Dickens paid much attention to the influence of outer factors on own well-being. This is clear as he writes in Great Expectations, “The late stress upon me had enabled me to put off illness, but not to put it away; I knew that it was coming on me now, and I knew very little else, and was even careless as to that”.

How should I introduce a short quotation?

When the quotation is short, you’d better make a brief introduction.

As Ernest Lismore from W.Collins’ Mr Lismore and the Widow was puzzled he started asking himself various questions: “What could be the old lady’s object in ascertaining that he was still free from a matrimonial engagement?..”

If you want to strengthen your analysis, then presenting your own argument works well:

Men are rather cautious when they meet woman they Like as they are afraid of her having children and a husband. In Mr Lismore and the Widow, Wilkie Collins proves these words when describes Ernest Lismore’ feeling: ” What could be the old lady’s object in ascertaining that he was still free from a matrimonial engagement? If the idea had occurred to him in time he might have alluded to her domestic life, and might have asked if she had children. ” (5). Yet their willing to become loved is stronger than anything else.

Introducing quotations, pay attention to two possible ways of punctuation. When a quotation is introduces with a full sentence, a colon at the end of the introductory sentence is always used. In case a quotation with an incomplete sentence is presented, then a comma after the introductory phrase should be placed. However, it has become grammatically correct to use a colon rather than a comma:

Collins writes: “Ernest Lismore was thoroughly puzzled.”

If you are blending the quotation into your own sentence using the conjuction that, any punctuation is needed:

Collins writes that “Ernest Lismore was thoroughly puzzled.”

What phrases can be used to diverse my quotations?

The following verbs are commonly used to introduce quotations: argues, writes, notes, reveals, states, claims, insists, observes, suggests etc.

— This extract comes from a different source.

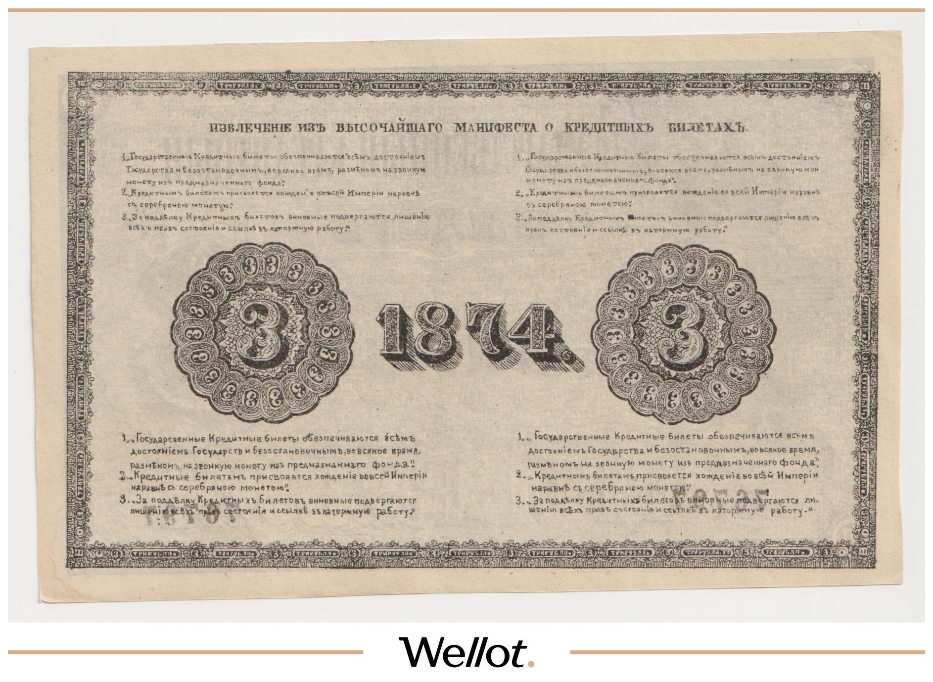 3 Рубль 1874 Российская Империя Фальшивые UNC-

The following phrases help the writer introduce quotations: 1) in the words of X,… 2) in X’s view, … 3) according to X, …

How should do I introduce a long quotation?

If your quotation is lengthy, introduce it with a full sentence. In case your quotation is longer than four lines, quotation marks are spare. A block quotation is better than a long quotation:

O.Wilde’s play The importance of Being Earnest gets people of all ages and social class grinning, if not realizing themselves the importance of being earnest:

It seems to be mine. Yes, here is the injury it received through the upsetting of a Gower Street omnibus in younger and happier days. Here is the stain on the lining caused by the explosion of a temperance beverage, an incident that occurred at Leamington. And here, on the lock, are my initials. I had forgotten that in an extravagant mood I had had them placed there. The bag is undoubtedly mine. I am delighted to have it so unexpectedly restored to me. It has been a great inconvenience being without it all these years. (410)

Block quotations help to demonstrate your grasp of the source material but they need to be followed by your own analysis. In case the analysis is lengthy, break the paragraph into some paragraphs.

How can I inform a reader that I’ve altered my sources?

The removed text is usually replaced with an ellipsis — three periods surrounded by spaces:

In A Case of Fever, R.Barr comments that “this doctor … was not like the usual Atlantic physician. ” (9).